DESCRIPTION OF THE TASK ->
The listing below should be printed exactly, though its pictures must not be.

DATASET EXTRACT ->
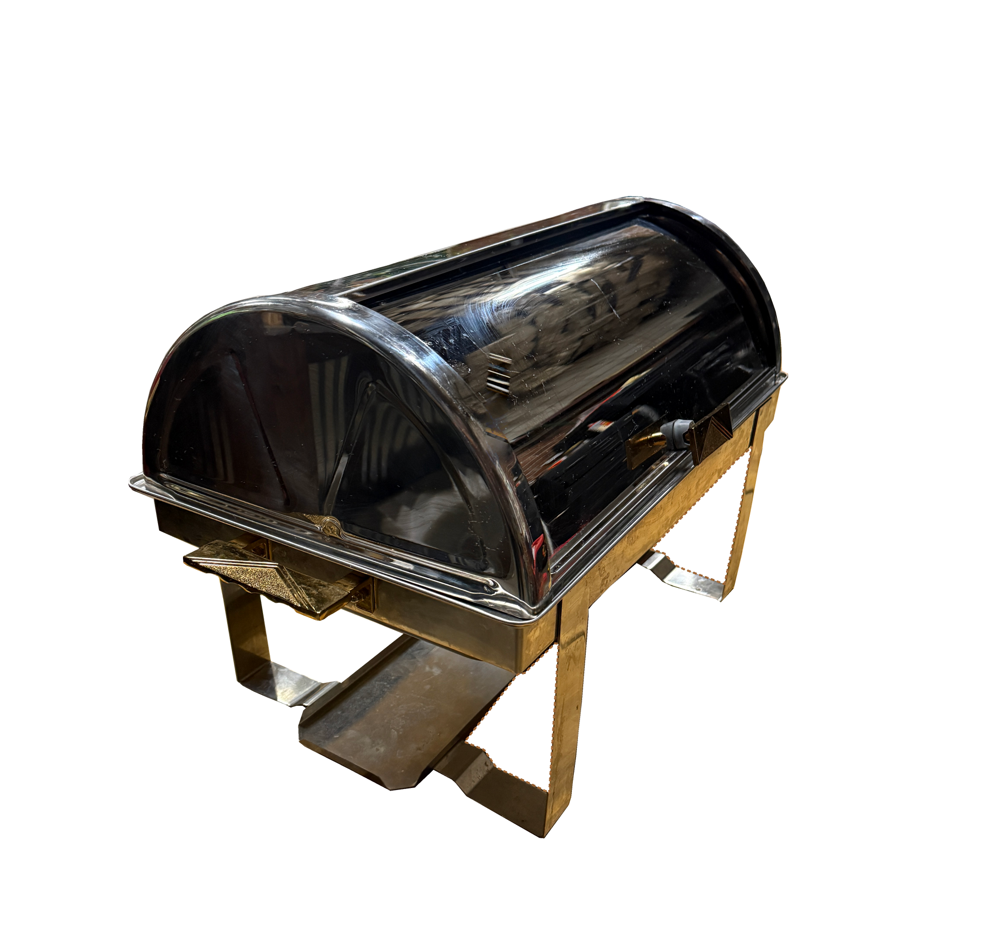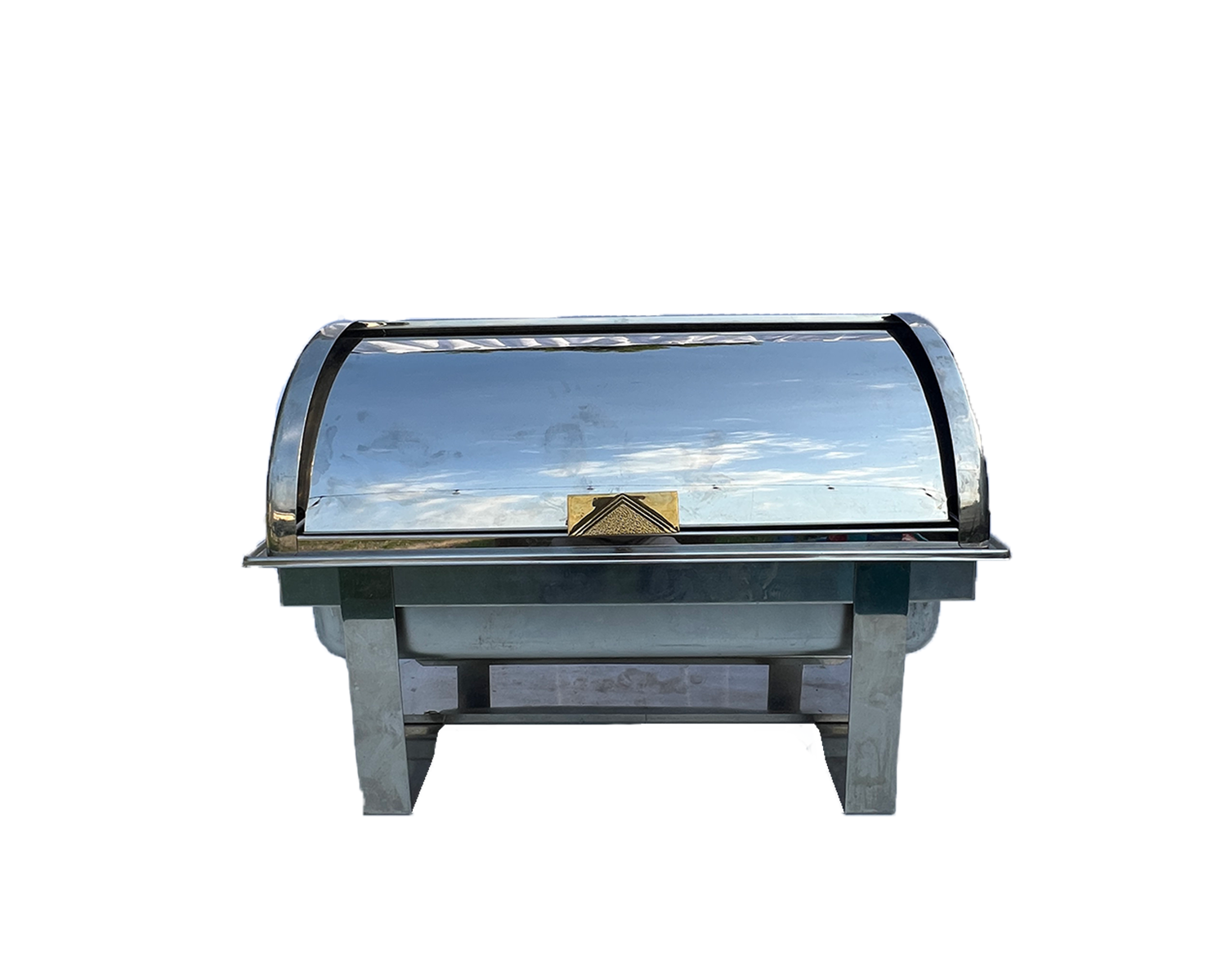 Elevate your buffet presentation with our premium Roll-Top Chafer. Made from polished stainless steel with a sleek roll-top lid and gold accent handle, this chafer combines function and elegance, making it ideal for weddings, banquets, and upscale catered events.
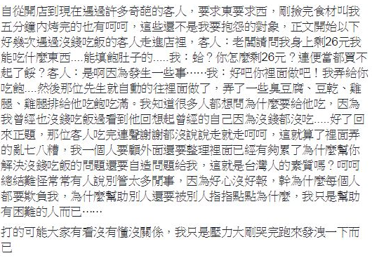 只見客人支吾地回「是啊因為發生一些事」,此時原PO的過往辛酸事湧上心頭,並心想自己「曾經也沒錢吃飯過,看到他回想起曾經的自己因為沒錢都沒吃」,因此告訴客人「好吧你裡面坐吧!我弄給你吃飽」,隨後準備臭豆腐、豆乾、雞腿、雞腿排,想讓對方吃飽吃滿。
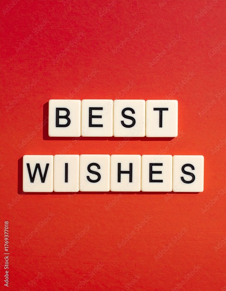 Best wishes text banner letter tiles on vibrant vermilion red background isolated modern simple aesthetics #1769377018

ANSWER TO THIS EXERCISE ->
 Elevate your buffet presentation with our premium Roll-Top Chafer. Made from polished stainless steel with a sleek roll-top lid and gold accent handle, this chafer combines function and elegance, making it ideal for weddings, banquets, and upscale catered events.
 只見客人支吾地回「是啊因為發生一些事」,此時原PO的過往辛酸事湧上心頭,並心想自己「曾經也沒錢吃飯過,看到他回想起曾經的自己因為沒錢都沒吃」,因此告訴客人「好吧你裡面坐吧!我弄給你吃飽」,隨後準備臭豆腐、豆乾、雞腿、雞腿排,想讓對方吃飽吃滿。
 Best wishes text banner letter tiles on vibrant vermilion red background isolated modern simple aesthetics #1769377018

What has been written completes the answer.